▶ Task instructions: Using the data below, return word for word every line from the one holding "in cemento amianto" down to the one holding "Vous êtes présent". Leave pictures out.

▶ Material shown:
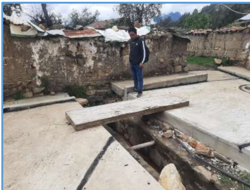
Foto 04: Se ve en mal estado el canal principal, además de que no hay vereda en el tramo del canal.

"MANTENIMIENTO DEL CANAL EN LA LOCALIDAD DE AMPAS DEL CENTRO POBLADO DE AMPAS DEL DISTRITO DE HUARI, PROVINCIA DE HUARI, DEPARTAMENTO DE ANCASH"
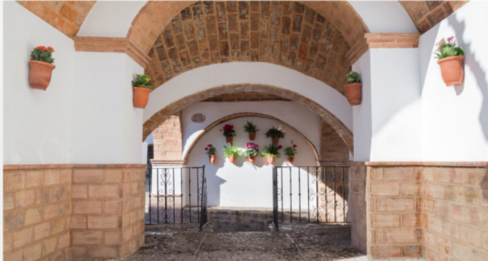
Arco de la lonja ▲
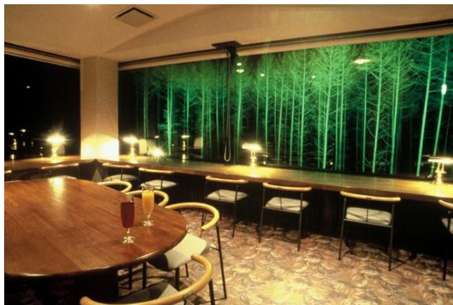
ラウンジ (パーティールーム)
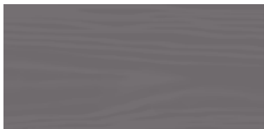
Brown Grey 109
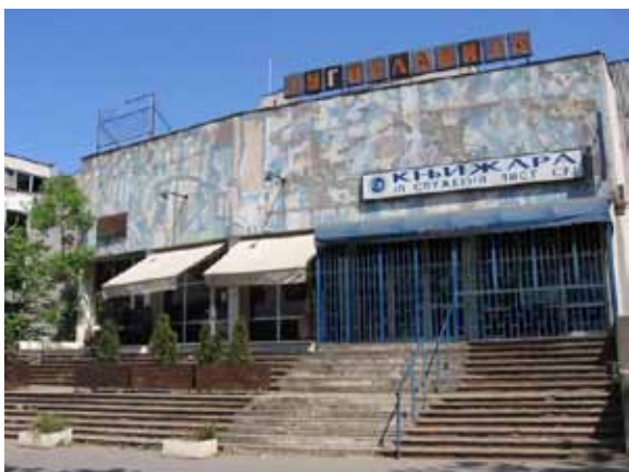
Sl. 50. „Jugoslavija“

„Fontana“, kultni novobeogradski bioskop, sada u prilično lošem stanju, trebalo bi da po rešenju izvesnih imovinsko-pravnih problema i renoviranju postane višenamenski kulturni centar za građane od 18 do 30 godina. Kulturno-poslovni centar „Fontana“, u čijem se sastavu bioskop nalazi, uživa status prethodne zaštite kao objekat gradske arhitekture (Sl. 51).
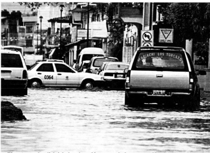
El meteoro derribó árboles, inundó casas y hubo evacuación de personas.
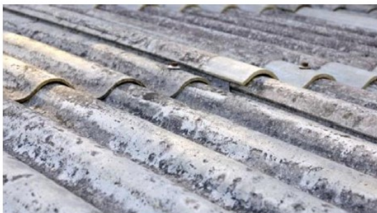
Copertura "onduline" in cemento amianto
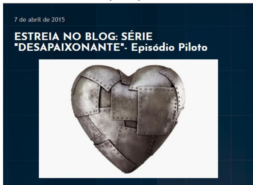
FIGURA I - Episódio piloto de DSPXNT

elo para a manutenção cativa de audiência. Todavia, existem várias outras fórmulas para suprir a interatividade e a participação do leitor, bem como consolidar a narrativa através de divulgação massiva. Marvin perscruta o ciberespaço à procura de uma oportunidade de tornar DSPXNT acessível a todos. A primeira temporada foi inicialmente postada na íntegra no blog de Marvin, em seguida no aplicativo Wattpad 3 , para depois se transformar em e-book 4 (vendido no site da Amazon, onde já se encontram disponíveis todas as quatro temporadas completas) e por fim em livro físico, com o selo da Editora Skull. Os exemplares da tiragem de estreia já foram esgotados 5 , o contrato para lançamento da segunda temporada impressa foi assinado, e a Skull dará continuidade à publicação da websérie-folhetim.
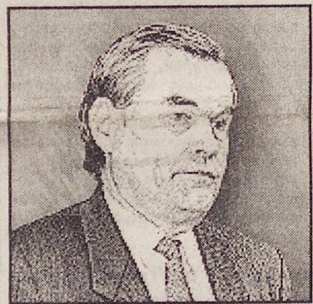
Пресс-служба Законодательного Собрания Свердловской области пригласила вчера журналистов на
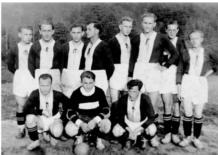
Jesenec, hřiště v Konici pod Bídovem, polovina 30. let
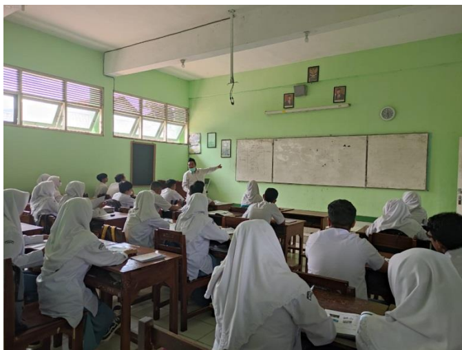
FOTO KELAS EKSPERIMEN
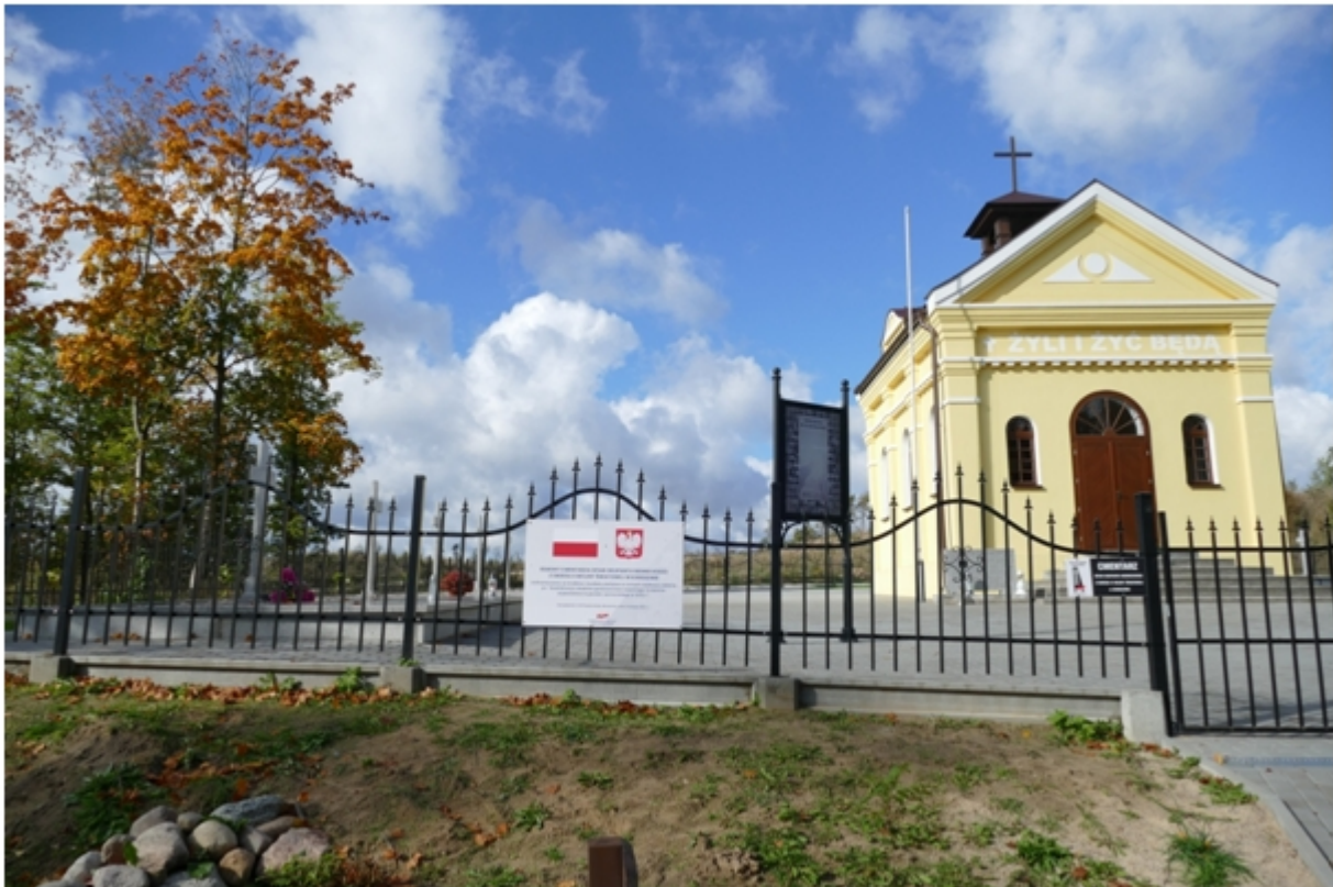
Cmentarz cywilnych ofiar w Karolewie zamordowanych przez Niemców w 1939r.
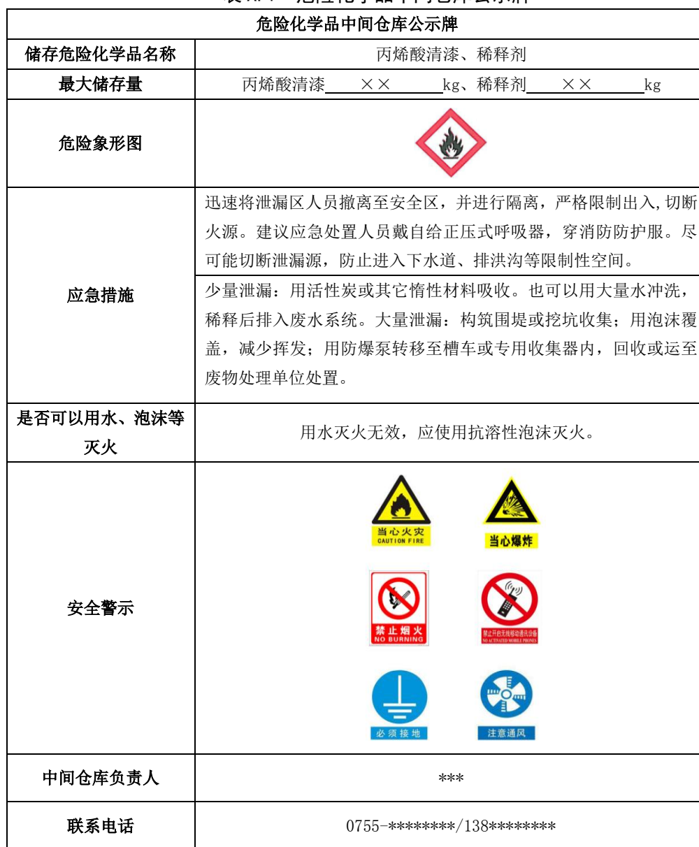
表 A.1 危险化学品中间仓库公示牌
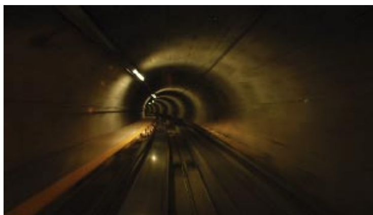
Brian Mc Kenna, From 2 to 1 and back to 2, video still, 2007
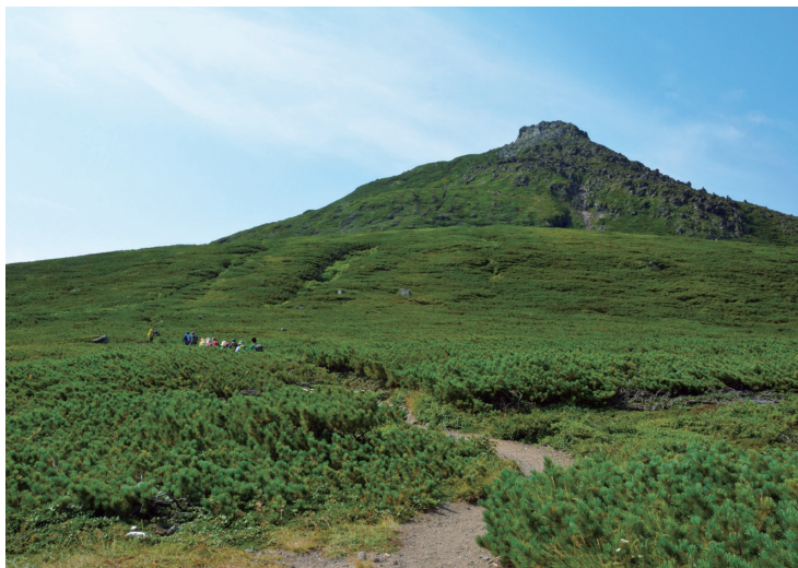
硫黄山方面への縦走路や羅臼からの登山道の分岐点、羅臼平から羅臼岳の岩峰を望む
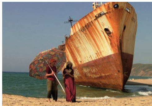
Bled Number One (2006)

Vous êtes présent dans tous vos films, comme pour faire advenir les rêves. Dans Bled Number One , il y a deux séquences où Rodolphe Burger joue de la guitare en pleine nature et vous êtes là, assis, comme une sorte de témoin décalé. Et en même temps, vous êtes solidaire de Louisa, cette femme victime des oppressions de sa société qui finit dans un hôpital psychiatrique. Il y a une douceur que l'on la retrouve dans tous vos personnages et votre façon de filmer. Bélissard dans Les chants de Mandrin est un rebelle, un agitateur qui lutte pour « la beauté des rêves ».
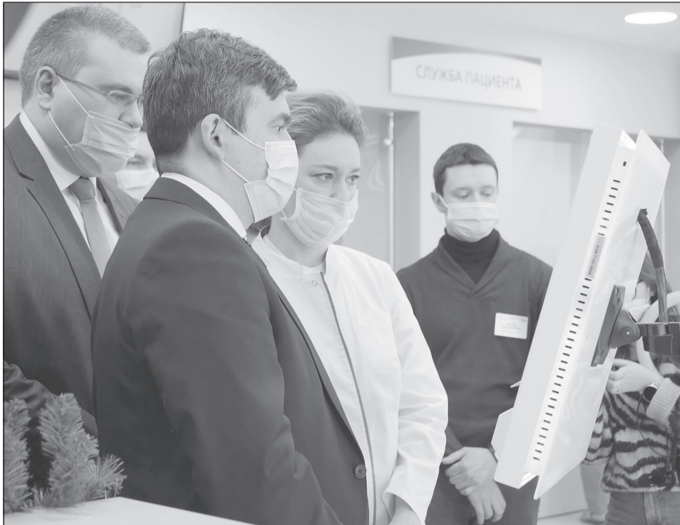
Губернатор Ивановской области Станислав Воскресенский ознакомился с работой обновленной клиники.

Обновленная клиника «РЖД-Медицина» в Иванове открыла двери после масштабной реконструкции и сможет принимать до 500 пациентов в смену.
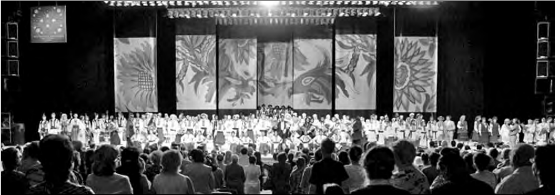
Мистецьке дійство закордонного українства у столичному Палаці „Україна“.

▶ Solved exercise:
Copertura "onduline" in cemento amianto
FIGURA I - Episódio piloto de DSPXNT

elo para a manutenção cativa de audiência. Todavia, existem várias outras fórmulas para suprir a interatividade e a participação do leitor, bem como consolidar a narrativa através de divulgação massiva. Marvin perscruta o ciberespaço à procura de uma oportunidade de tornar DSPXNT acessível a todos. A primeira temporada foi inicialmente postada na íntegra no blog de Marvin, em seguida no aplicativo Wattpad 3 , para depois se transformar em e-book 4 (vendido no site da Amazon, onde já se encontram disponíveis todas as quatro temporadas completas) e por fim em livro físico, com o selo da Editora Skull. Os exemplares da tiragem de estreia já foram esgotados 5 , o contrato para lançamento da segunda temporada impressa foi assinado, e a Skull dará continuidade à publicação da websérie-folhetim.
Пресс-служба Законодательного Собрания Свердловской области пригласила вчера журналистов на
Jesenec, hřiště v Konici pod Bídovem, polovina 30. let
FOTO KELAS EKSPERIMEN
Cmentarz cywilnych ofiar w Karolewie zamordowanych przez Niemców w 1939r.
表 A.1 危险化学品中间仓库公示牌
Brian Mc Kenna, From 2 to 1 and back to 2, video still, 2007
硫黄山方面への縦走路や羅臼からの登山道の分岐点、羅臼平から羅臼岳の岩峰を望む
Bled Number One (2006)

Vous êtes présent dans tous vos films, comme pour faire advenir les rêves. Dans Bled Number One , il y a deux séquences où Rodolphe Burger joue de la guitare en pleine nature et vous êtes là, assis, comme une sorte de témoin décalé. Et en même temps, vous êtes solidaire de Louisa, cette femme victime des oppressions de sa société qui finit dans un hôpital psychiatrique. Il y a une douceur que l'on la retrouve dans tous vos personnages et votre façon de filmer. Bélissard dans Les chants de Mandrin est un rebelle, un agitateur qui lutte pour « la beauté des rêves ».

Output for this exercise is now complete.